Algo que possui um alicerce muito forte, é o imaginário moral. DEUS, PÁTRIA E LIBERDADE, são palavras repetidas e usadas como base da crença bolsonarista. A fusão de supostos valores cristãos, a ideia de um orgulho nacionalista e o imaginário de uma liberdade de exploração de classe, armamentista e de preconceito livre de responsabilidades se tornaram o desejo de muitos.

A crise com a CORRUPÇÃO, argumento central aos ataques do bolsonarismo a sua oposição, é uma moeda gasta, mas muito forte na imaginação do bolsonarista mais fanático até aquele que vota sem muita convicção. Isso não surgiu do nada. Tivemos uma mídia que paulatinamente com minutos diários nos telejornais, com centenas de capas de revistas e milhares de manchetes, criaram durante anos verdadeiros demônios que custam a ser exorcizados. Dizer que os governos petistas foram os mais corruptos da história do Brasil e que Lula foi o maior ladrão desde que Cabral (Pedro, não o Sérgio) pisou por aqui é quase um mantra, mesmo quando os casos de corrupção foram investigados da forma mais intensa, julgados e diversas pessoas foram presas, mesmo quando Lula foi investigado, teve a vida virada do avesso e depois de ficar um ano preso não teve nada de concreto encontrado contra ele, além do absurdo fato que juiz e promotor do caso terem se tornado assessores do atual presidente. Qualquer debate sério sobre os diversos problemas que tivemos durante o governo Lula e toda a administração petista ficam hoje a cargo da própria centro esquerda (o PSDB está morto).

Convivo com várias pessoas que votaram e ainda votam em Bolsonaro, e gosto de verdade de parte delas (com aquelas aonde é possível conversar, aonde a violência não é presente), colegas de trabalho, alguns familiares, mas entro em conflito todas as vezes que vejo a expressão da desinformação, da estupidez e principalmente do uso da fé como ferramenta para tal. É uma mistura de ódio, angustia e desesperança, coisa que não gostaria de sentir. Me sinto derrotado.

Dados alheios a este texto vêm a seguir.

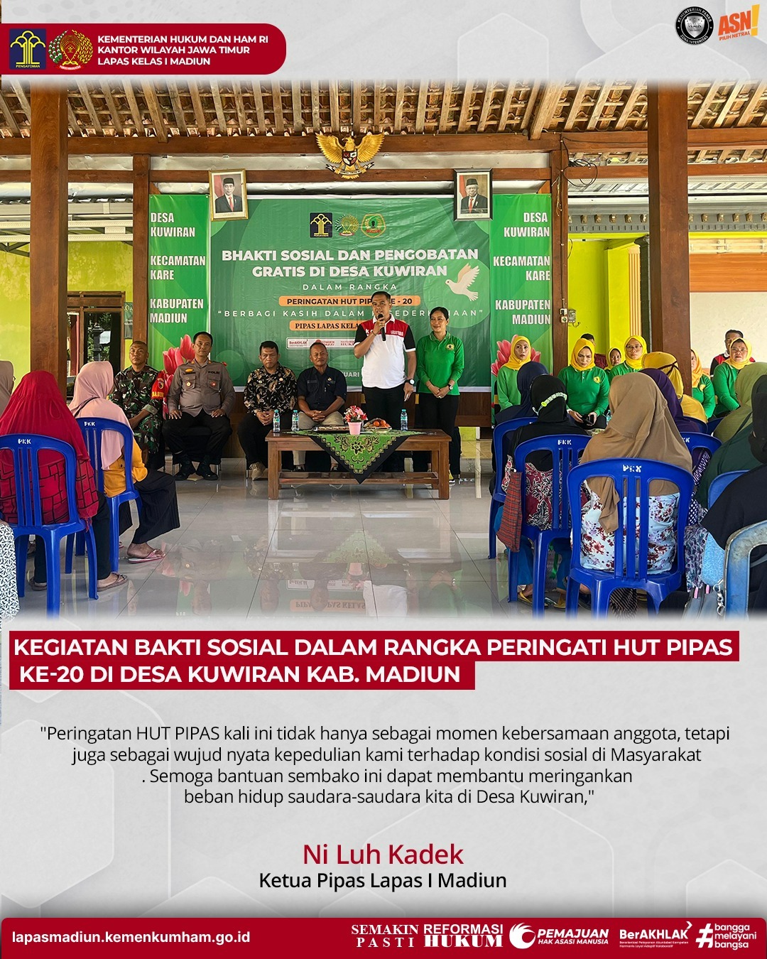 MADIUN, BUSERJATIM. COM GROUP – Dalam rangka memperingati ulang tahun ke-20 Paguyuban Ibu-Ibu Pemasyarakatan (PIPAS) Lapas I Madiun Kanwil Kemenkumham Jatim menyelenggarakan kegiatan bakti sosial di Desa Kuwiran Kec. Kare Kab. Madiun. Acara ini bukan hanya sekadar merayakan usia organisasi, tetapi juga sebagai wujud kepedulian terhadap masyarakat, (25/01).

Passei um bom tempo dentro de igrejas evangélicas, a intenção de boa parte das instituições é por manual a expansão, o convencimento do outro, percebo como a maioria delas usa a fé para firmar as pessoas em dogmas e doutrinas que são usadas para a manipulação direta e indireta. A falta de conhecimento cientifico e histórico das pessoas é uma grande vantagem para essas instituições, ao ponto de convencerem, por exemplo, que banheiros unissex serão obrigatórios nas congregações, que igrejas serão fechadas por retaliação, fortalecendo ainda mais discursos pensados para um único objetivo, poder político para transformar dogma em lei.

A tal da defesa da família, dos bons costumes e do cidadão de bem, a família onde a mulher é subjugada, muitas vezes traída, o marido não lava um prato e não troca uma fralda. Os bons costumes do assédio sexual, da violência contra a mulher, da agressão verbal e física a gays e pretos. O cidadão de bem que anda armado pra ter vantagem numa briga de trânsito ou de bar, para ameaçar o vizinho, para ser indiferente a pobreza alheia, é contra qualquer reforma trabalhista, mas doa uma cesta básica de coração pra se sentir bem.

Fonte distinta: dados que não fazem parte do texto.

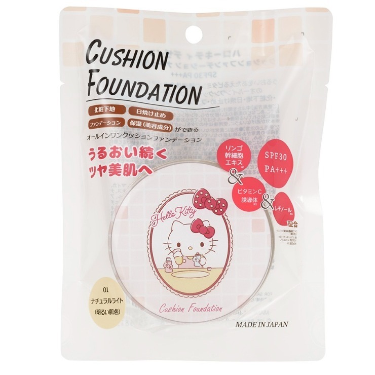 サンリオデザインで容器も可愛いクッションファンデーション。うるおいをあたえるビタミンC誘導体やナイアシンアミド配合。化粧下地・日焼け止め(SPF30 PA+++)ファンデーション・保湿の4つの機能のオールインワンタイプです。色味はナチュラルライト(明るい肌色)でパフ&ミラー付きです。

A família deveria ser aquela que se cria com amor e afeto, que oferece suporte e compartilha a vida. Os bons costumes deveriam ser a defesa da igualdade de direitos, da fartura de alimentos, do trabalho bem remunerado, da compaixão, da educação. O cidadão de bem deveria ser qualquer pessoa que respeita o próximo, que se empenha em transformar a sociedade em uma sociedade justa. Mas isso é só o que eu penso, não o que está dado.